一般的なアングロ・サクソン期の建物の大半は木材で造られ、屋根には茅または芝土が用いられた。基礎に据えた、あるいは浅い石の基礎の上に置いた柱と梁による骨組みが一般的であった。発掘で見つかる柱穴、基礎溝、再利用された木材は、住居や世俗建築の多くがいかに失われやすいものであったかを示している。石積みが用いられた場合、建設者は地元の石材や煉瓦を使用し、後の中世建築に典型的な切石積みよりも、粗石積みまたは層状に積む方法をしばしば採用した。

建築上の特徴

現存するアングロ・サクソン期の石造教会とその断片には、いくつかの特徴が繰り返し見られる。すなわち、細く背の高い比例、小さく深く納められた円頭または三角形頭部の開口部、隅部のロング・アンド・ショート・クォイン、外壁の付柱帯と盲アーケード、そして簡素な塔や西側のポーチである。内部の調度は通常控えめであったが、彫刻石材、装飾レリーフ、装飾的な金工品には、組紐文様や様式化された動物文様を伴う独特の美意識が表れている。

歴史と展開

アングロ・サクソンの建築伝統は、ローマの行政支配が終わった後、在来の要素と大陸由来の影響が交じり合って成長した。初期の木造ホールは領主権と日常生活の中心として機能し、キリスト教への改宗は石造教会や修道院建築の建設をもたらした。

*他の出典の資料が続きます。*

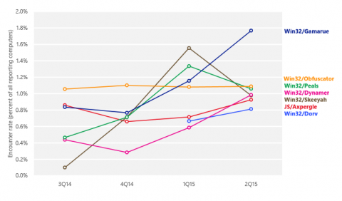 В этом же докладе говорится, что в прошлом году хакеры отдавали предпочтение комплектам эксплоитов (exploit kits) перед другими методами распространения вредоносного кода, что позволяет автоматизировать процесс инфицирования. Самым популярным семейством вредоносного ПО стало Win32/Gamarue, один из крупнейших и старых ботнетов. Также растёт число потенциально нежелательных приложений и фишинговых атак против финансовых организаций.
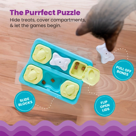 Спрячьте лакомства, закройте отсеки и начните игру. Чтобы достать награду, котику нужно будет вытолкнуть элемент пазла — косточку, открыть крышку и сдвинуть блок головоломки.
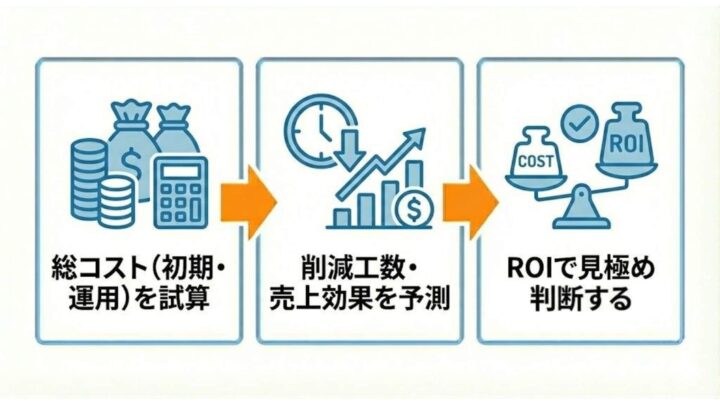 AI導入では、初期費用だけでなく運用コストも含めて総合的に判断する必要があります。投資回収期間(ROI)が明確に見込めるかどうかをシビアに見極めましょう。
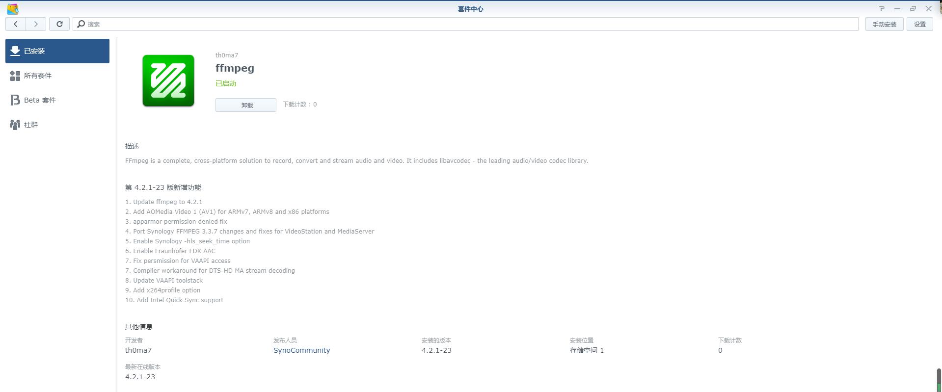 如果按照上述方法不能正常安装ffmpeg套件的,可以到这个地址:https://github.com/th0ma7/synology/tree/master/packages
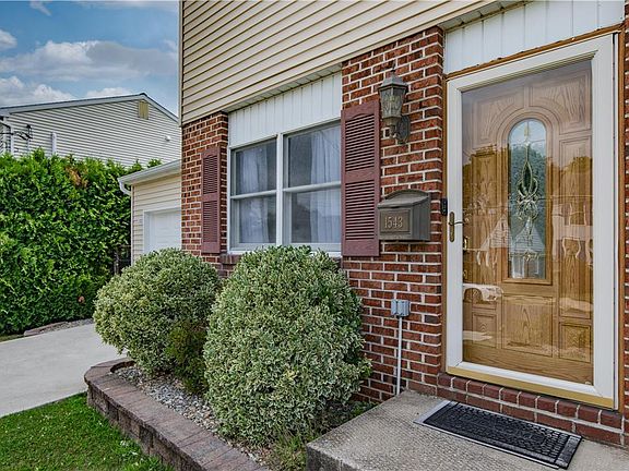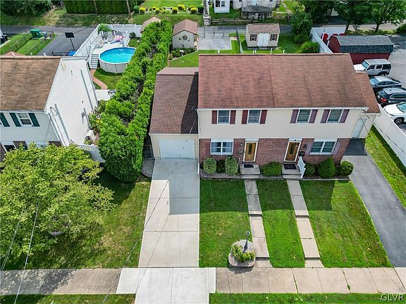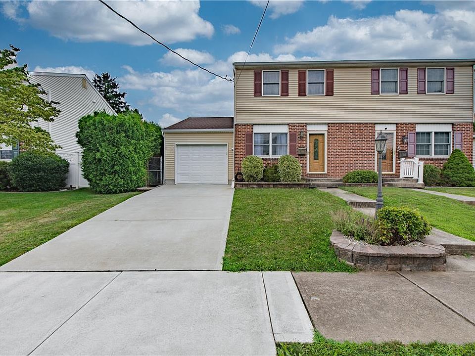 Offers are due 7/14 by 8pm. Welcome to 1543 Riegel Street ~ This tastefully updated, move-in ready, 3 Bedroom, 1.5 Bath Twin boasts a Tandem 2 Car Garage with pull down stairs to an abundance of loft storage, generous off street parking, covered patio, large garden shed & private fenced-in yard! Come & experience the small town feel, in this delightful historic community, in the borough of Hellertown, where you can enjoy diverse eateries, seasonal events, local farmers market & outdoor activities along the Saucon Rail Trail! This lovely, one-owner home is perfectly nestled on a wide, quiet street, in the Saucon Valley School District. The brick facade & pleasing curb appeal make a fantastic first impression. Inside, a fresh, neutral color palette & wood laminate floors provide a cohesive & open feel throughout the main level. The updated galley Kitchen features NEW stainless steel appliances & oak cabinetry. The adjoining Living & Dining Rooms make way to a peaceful covered patio, where you can enjoy outdoor dining, or relaxing after a long day, while overlooking the beautiful manicured yard & lush perennial gardens. A stylish half Bath completes the first floor. Three Bedrooms, ALL with NEW wall to wall carpeting & fresh paint, PLUS a luxurious remodeled main Bath round up the second floor. The lower level features a welcoming Family Room, pleasant Laundry accommodations & handy built-in wall shelves. Super convenient location, near to routes I-78, 33, 22 & 309!
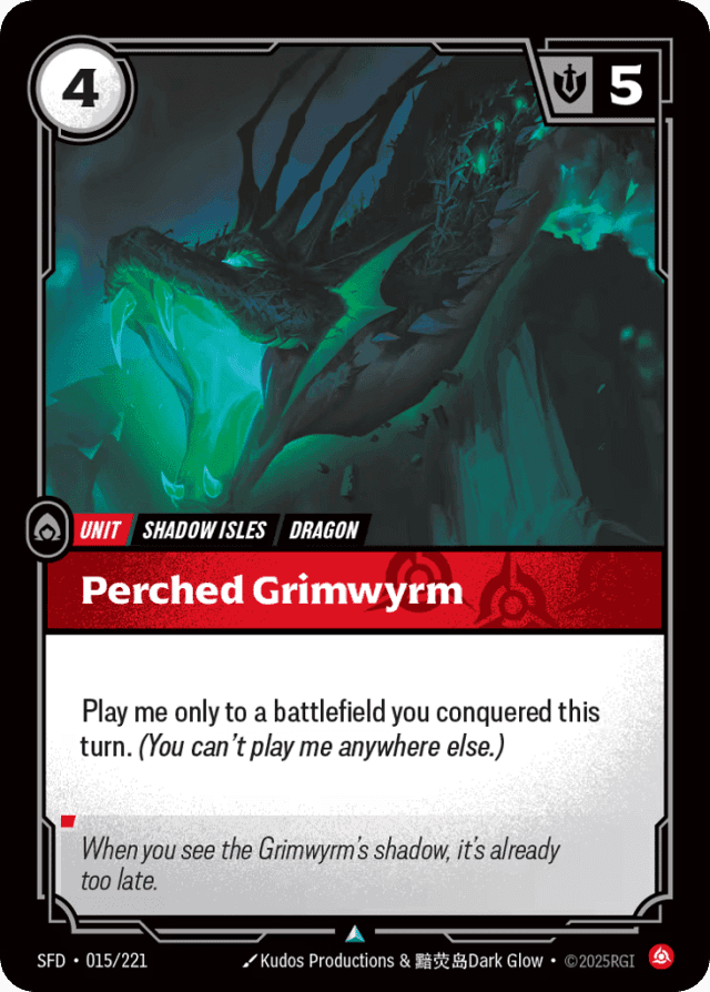 Play me only to a battlefield you conquered this turn. (You can't play me anywhere else.)
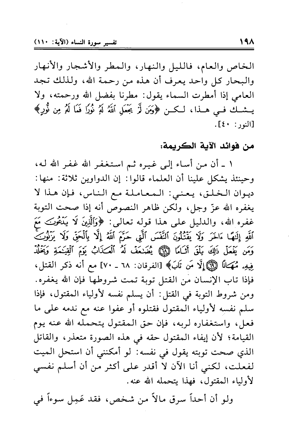 ١ - أن من أساء إلى غيره ثم استغفر الله غفر الله له، وحينئذ يشكل علينا أن العلماء قالوا: إن الدواوين ثلاثة: منها: ديوان الخلق، يعني: المعاملة مع الناس، فإن هذا لا يغفره الله عزّ وجل، ولكن ظاهر النصوص أنه إذا صحت التوبة غفره الله، والدليل على هذا قوله تعالى: {وَالَّذِينَ لَا يَدْعُونَ مَعَ اللَّهِ إِلَهًا آخَرَ وَلَا يَقْتُلُونَ النَّفْسَ الَّتِي حَرَّمَ الله إِلَّا بِالْحَقِّ وَلَا يَزْنُونَ وَمَنْ يَفْعَلْ ذَلِكَ يَلْقَ أَثَامًا (٦٨) يُضَاعَفْ لَهُ الْعَذَابُ يَوْمَ الْقِيَامَةِ وَيَخْلُدْ فِيهِ مُهَانًا (٦٩) إِلَّا مَنْ تَابَ} [الفرقان: ٦٨ - ٧٠] مع أنه ذكر القتل، فإذا تاب الإنسان من القتل توبة تمت شروطها فإن الله يغفره. ومن شروط التوبة في القتل: أن يسلم نفسه لأولياء المقتول، فإذا سلم نفسه لأولياء المقتول فقتلوه أو عفوا عنه مع ندمه على ما فعل، واستغفاره لربه، فإن حق المقتول يتحمله الله عنه يوم القيامة؛ لأن إيفاء المقتول حقه في هذه الصورة متعذر، والقاتل الذي صحت توبته يقول في نفسه: لو أمكنني أن استحل الميت لفعلت، لكني أنا الآن لا أقدر على أكثر من أن أسلم نفسي لأولياء المقتول، فهذا يتحمله الله عنه.
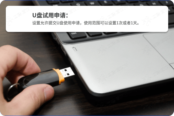 5.U盘使用申请与审批:可以禁用,但不完成禁用。如可以设置U盘使用申请,管理员在收到申请后可以根据实际情况审批并设置相应的USB端口权限。
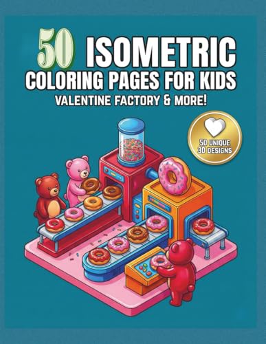 50 Isometric Coloring Pages for Kids Valentine Factory & More: 50 Cute & Creative 3D Puzzles with Chocolate Labs, Sweet Robots, and Kawaii Animals | Fun Activity Gift for Boys & Girls Ages 6-10
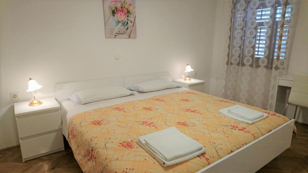 Naši apartmani smješteni su u srcu stare gradske jezgre, gdje su restorani, kafići, trgovine i kulturne znamenitosti nadohvat ruke. Plaža je udaljena oko 15 minuta hoda, a luka i autobusni kolodvor također su u neposrednoj blizini. Za goste je osiguran besplatni privatni parking,udaljen oko 250m od apartmana. apartman A5 – prostran apartman za 5 osoba na 2. katu i potkrovlju, klimatiziran, s Wi-Fi, SAT TV-om, kupatilom s WC-om na drugom katu i dodatnim WC-om u potkrovlju, idealan za obitelji ili grupe. apartman A2 – udoban apartman za 2 osobe na 1. katu, klimatiziran, s Wi-Fi i SAT TV-om, savršen za parove ili solo putnike. apartman Studio – prizemlje, za 2 osobe, Wi-Fi i SAT TV, praktičan smještaj , idealan za parove i solo putnike. Uživajte u spoju povijesnog šarma i moderne udobnosti, sa svime što vam treba nadohvat ruke.
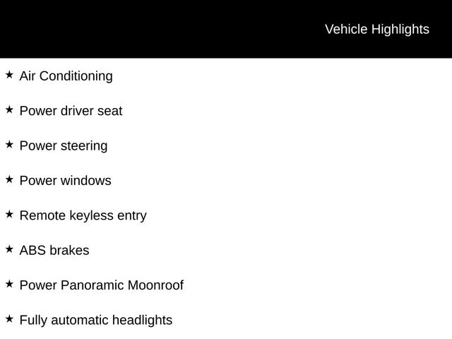 Recent Arrival! Clean CARFAX. Black w/Leather-Trimmed Seat Trim, 17" x 7.5" Alloy Wheels, ABS brakes, Air Conditioning, Front Center Armrest, Fully automatic headlights, Heated Front Bucket Seats, Panic alarm, Power driver seat, Power Panoramic Moonroof, Power steering, Power windows, Remote keyless entry, Speed control.
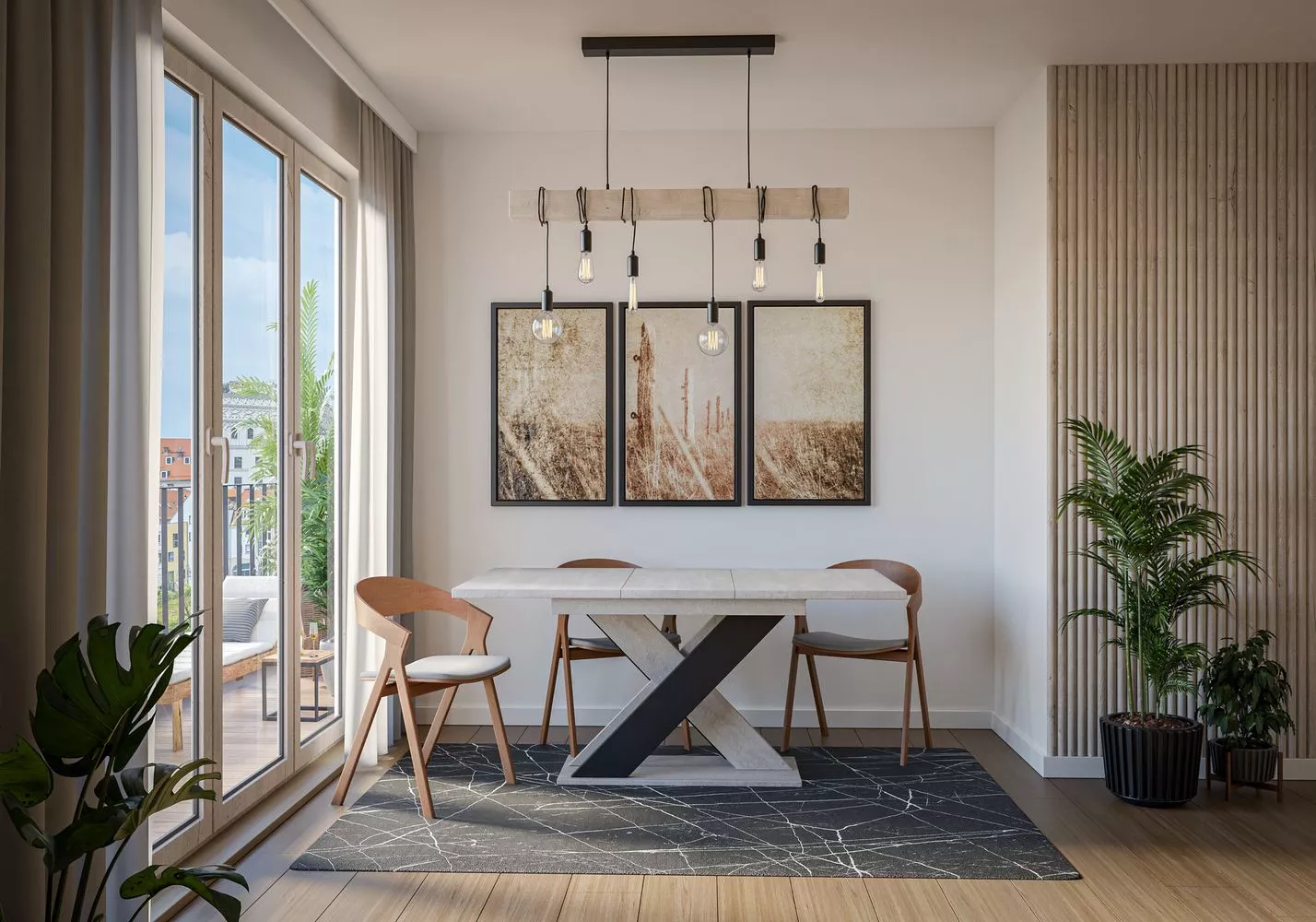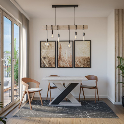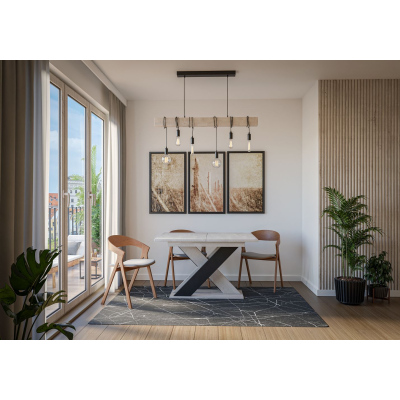 Rozkládací jídelní stůl NIKOS upoutá neotřelým designem se zajímavým provedením noh. Stůl lze rozložit až do šířky 160 cm, což vám zajistí spoustu místa i pro nečekanou návštěvu. Deska stolu je vyrobena z odolného LTD a opatřena ABS hranami.
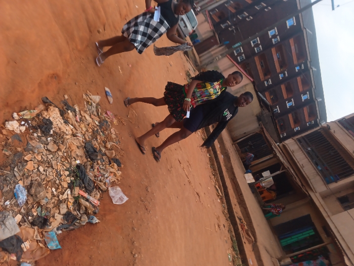 Three young women walking past a large pile of garbage. One woman wears a black and white checkered dress. Two women in the middle wear dark skirts. The last wears a black long-sleeved shirt. The ground is sandy, and a tall apartment building stands behind them.

数世紀を経るにつれて地域差は増大し、職人たちは北ヨーロッパの他地域で見られる技法を取り入れた。1066年にノルマン人の支配が到来すると、再建と拡張が急速に進み、その際にはより古いアングロ・サクソン期の建築部分がしばしば組み込まれた。

現存遺構、考古学、作例

完全な形で残るアングロ・サクソン期の建物は比較的少なく、その知識の多くは発掘調査と、後世の教会に保存された石造部分に由来する。研究者は、約50の教会が相当量のアングロ・サクソン期の要素を保持していると見積もっている。また、ごく少数の木造建築が現存するか、あるいは征服以前の建築材を含むと伝えられている。考古学的調査は、住居群、木造ホール、宗教施設跡を明らかにしており、それらを合わせることで、現存する建物だけから得られるものより広い建造環境の像が示される。

意義と区別

アングロ・サクソン建築は、ローマ時代のブリテンからブリテン諸島の中世的景観への移行を理解するうえで重要である。それは、在地的な木造技術と、盛期中世にますます記念碑性を高めた石造建築との間をつなぐ。特徴的な石積みの細部、現存する彫刻、考古学的記録によって、歴史家は地域的アイデンティティ、典礼の変化、初期中世の建設者が直面した実際的な課題をたどることができる。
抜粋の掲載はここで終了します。